» **How to complete this task**
Every line of the listing below is to be repeated exactly; the pictures stay out.

------------------------

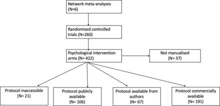 The researchers’ goal was to assess whether treatment protocols or manuals used in these studies were accessible and, if so, whether they were publicly or commercially available.
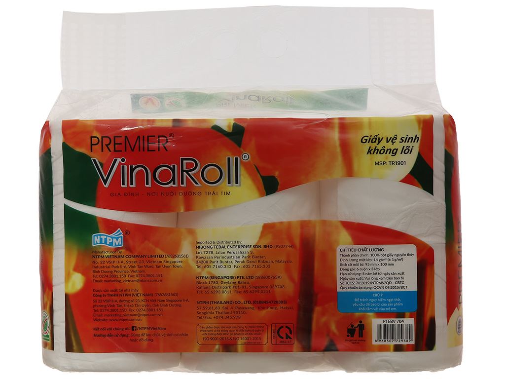 6 cuộn giấy vệ sinh PREMIER VinaRoll 3 lớp
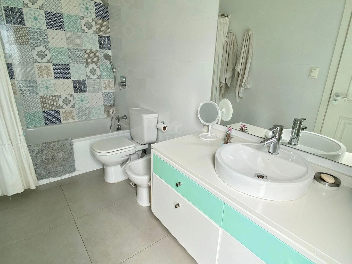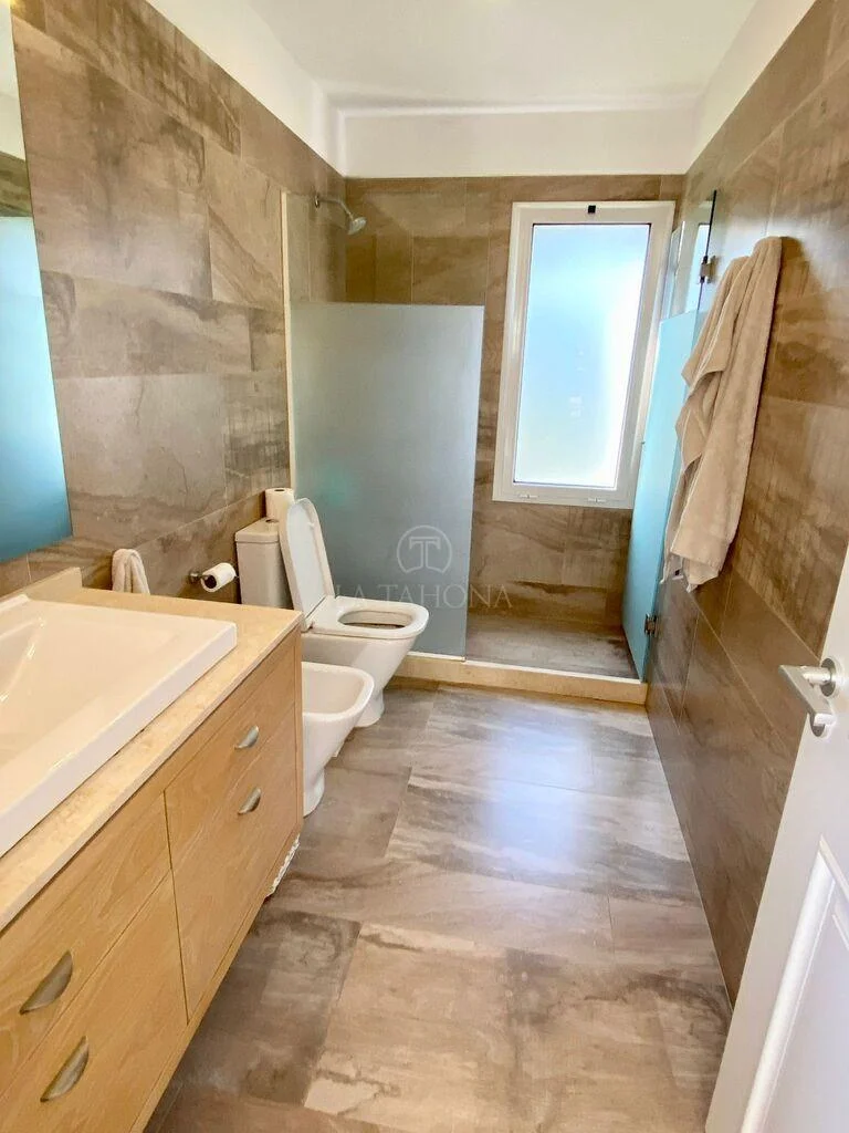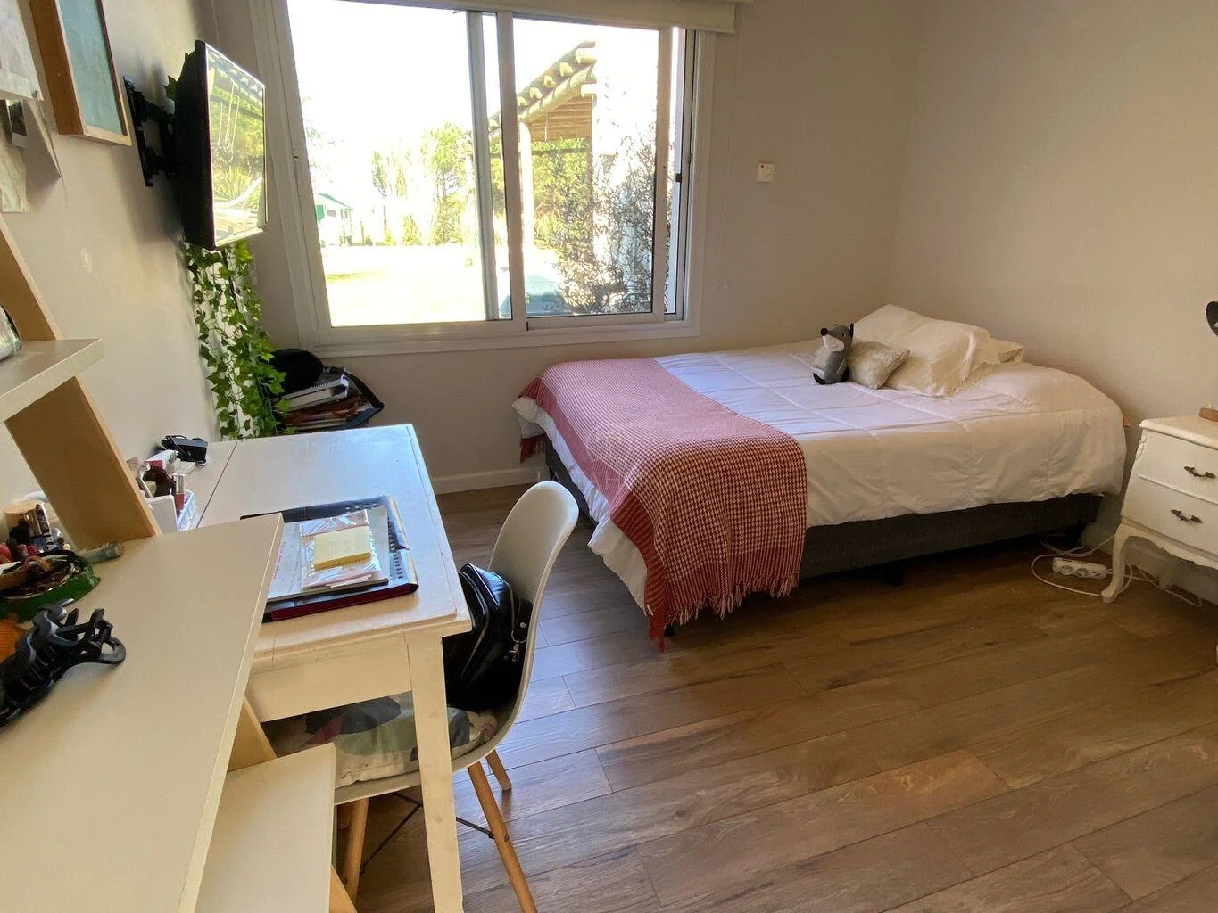 Inmobiliaria La Tahona Oficial - Beneficios exclusivos para nuestros clientes • 3 dormitorios, el principal en suite. • 3 baños en total. • Escritorio con mesada de madera y luces empotradas. • Living/comedor con estufa a leña y salida al fondo. • Sala de estar. • Cocina de gran tamaño con anafe y horno empotrados. • Parrillero con parrilla y leñero. • Calefacción por losa radiante eléctrica y aires acondicionas. • Piscina con bomba. • Lavadero.
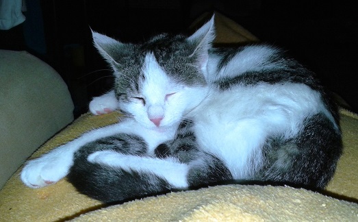 Und jetzt zu meiner Erklärung von vorhin; Da ich es liebe draußen zu sein, will ich auch im Winter draußen sein. Hihihi. Unter tags brauche ich nur vor der Terrassentür sitzen und schon springt irgendwer auf und öffnet die Tür. Aber in der Nacht, hihi, immer in der zeit von ¼ 5 – ¾ 5 will ich rauß. Ich springe auf Susi und Hannes herum, miaue und wenn das alles nichts nützt fang ich am Bett zu kratzen an, und das hilft. Damit das Bett nicht kaputt wird, ist ja erst ein ½ Jahr alt, springt Hannnes auf nennt mich Terroristin  (der schläft bei der Fensterseite) und öffnet das Fenster. Damit ich wieder rein kann lasst er es immer einen Spalt offen, und damit kommen die Eisbären rein. (sagt Hannes immer). ER hat ja recht aber ich will eben raus. Dauert ja nicht mehr so lange bis zum Frühling :).
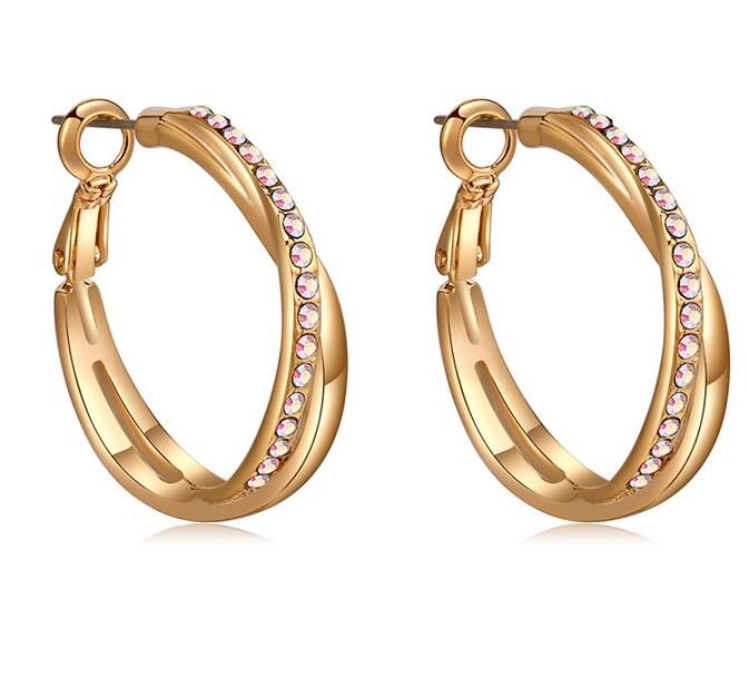 Hermosas arracadas en baño de oro amarillo de 18 quilates, diseño trenzado, con incrustaciones de cristales en color tornasol. Fabricado en una estructura de aleación de platino con rodio sin níquel.
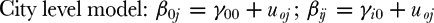 Because the dataset used in our study contains multilevel data (city and firm levels), hierarchical linear modeling (HLM) is a suitable tool for our analyses (Raudenbush & Bryk, Reference Raudenbush and Bryk2002). We used the following formulas for HLM:
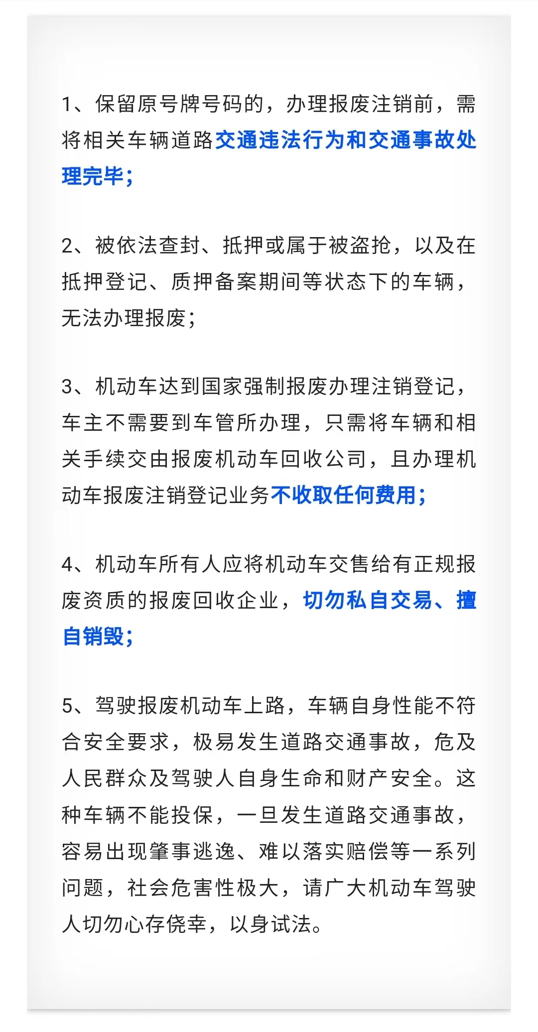 根据我国《机动车回收管理办法》,报废汽车应当及时交付给报废汽车回收企业。任何单位或者个人不得将报废汽车出售、赠予或者以其他方式转让给非报废汽车回收企业的单位或者个人;不得自行拆解报废汽车。
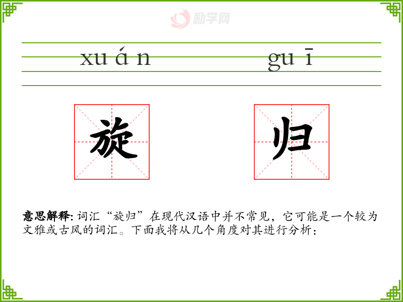词汇“旋归”在现代汉语中并不常见,它可能是一个较为文雅或古风的词汇。下面我将从几个角度对其进行分析:
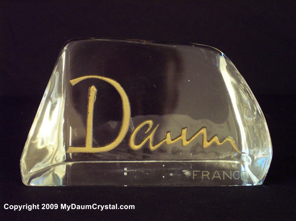 This is a 2nd indented gold crystal Daum Dealer sign, which is
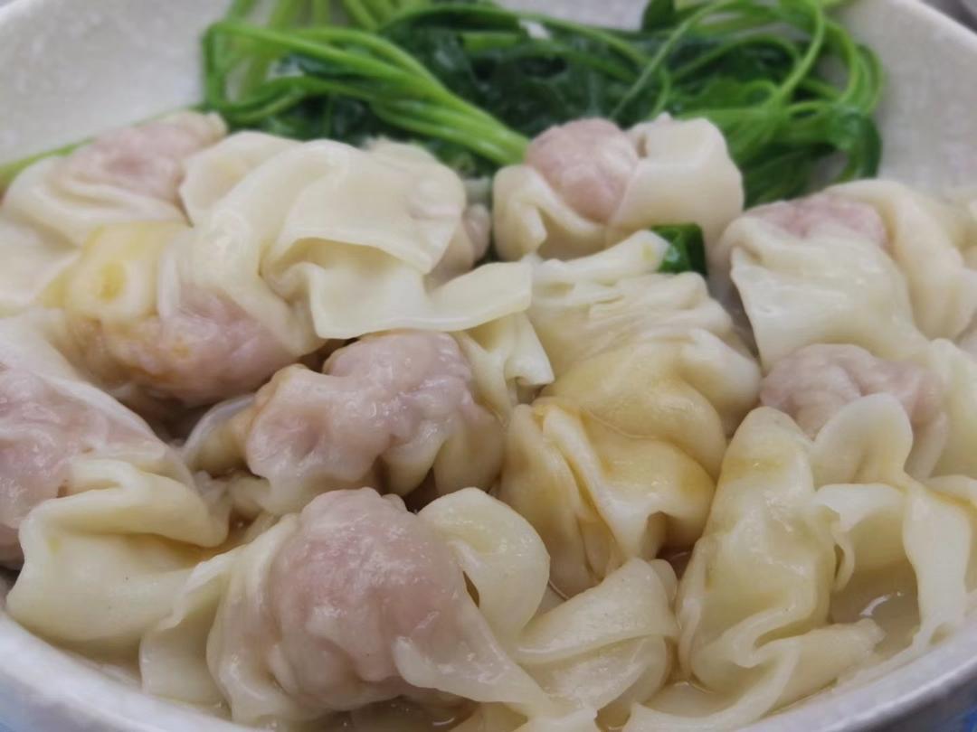 云吞伴青菜,鸡汤,提子

------------------------

» **Answer to this task**
 The researchers’ goal was to assess whether treatment protocols or manuals used in these studies were accessible and, if so, whether they were publicly or commercially available.
 6 cuộn giấy vệ sinh PREMIER VinaRoll 3 lớp
 Inmobiliaria La Tahona Oficial - Beneficios exclusivos para nuestros clientes • 3 dormitorios, el principal en suite. • 3 baños en total. • Escritorio con mesada de madera y luces empotradas. • Living/comedor con estufa a leña y salida al fondo. • Sala de estar. • Cocina de gran tamaño con anafe y horno empotrados. • Parrillero con parrilla y leñero. • Calefacción por losa radiante eléctrica y aires acondicionas. • Piscina con bomba. • Lavadero.
 Und jetzt zu meiner Erklärung von vorhin; Da ich es liebe draußen zu sein, will ich auch im Winter draußen sein. Hihihi. Unter tags brauche ich nur vor der Terrassentür sitzen und schon springt irgendwer auf und öffnet die Tür. Aber in der Nacht, hihi, immer in der zeit von ¼ 5 – ¾ 5 will ich rauß. Ich springe auf Susi und Hannes herum, miaue und wenn das alles nichts nützt fang ich am Bett zu kratzen an, und das hilft. Damit das Bett nicht kaputt wird, ist ja erst ein ½ Jahr alt, springt Hannnes auf nennt mich Terroristin  (der schläft bei der Fensterseite) und öffnet das Fenster. Damit ich wieder rein kann lasst er es immer einen Spalt offen, und damit kommen die Eisbären rein. (sagt Hannes immer). ER hat ja recht aber ich will eben raus. Dauert ja nicht mehr so lange bis zum Frühling :).
 Hermosas arracadas en baño de oro amarillo de 18 quilates, diseño trenzado, con incrustaciones de cristales en color tornasol. Fabricado en una estructura de aleación de platino con rodio sin níquel.
 Because the dataset used in our study contains multilevel data (city and firm levels), hierarchical linear modeling (HLM) is a suitable tool for our analyses (Raudenbush & Bryk, Reference Raudenbush and Bryk2002). We used the following formulas for HLM:
 根据我国《机动车回收管理办法》,报废汽车应当及时交付给报废汽车回收企业。任何单位或者个人不得将报废汽车出售、赠予或者以其他方式转让给非报废汽车回收企业的单位或者个人;不得自行拆解报废汽车。
词汇“旋归”在现代汉语中并不常见,它可能是一个较为文雅或古风的词汇。下面我将从几个角度对其进行分析:
 This is a 2nd indented gold crystal Daum Dealer sign, which is
 云吞伴青菜,鸡汤,提子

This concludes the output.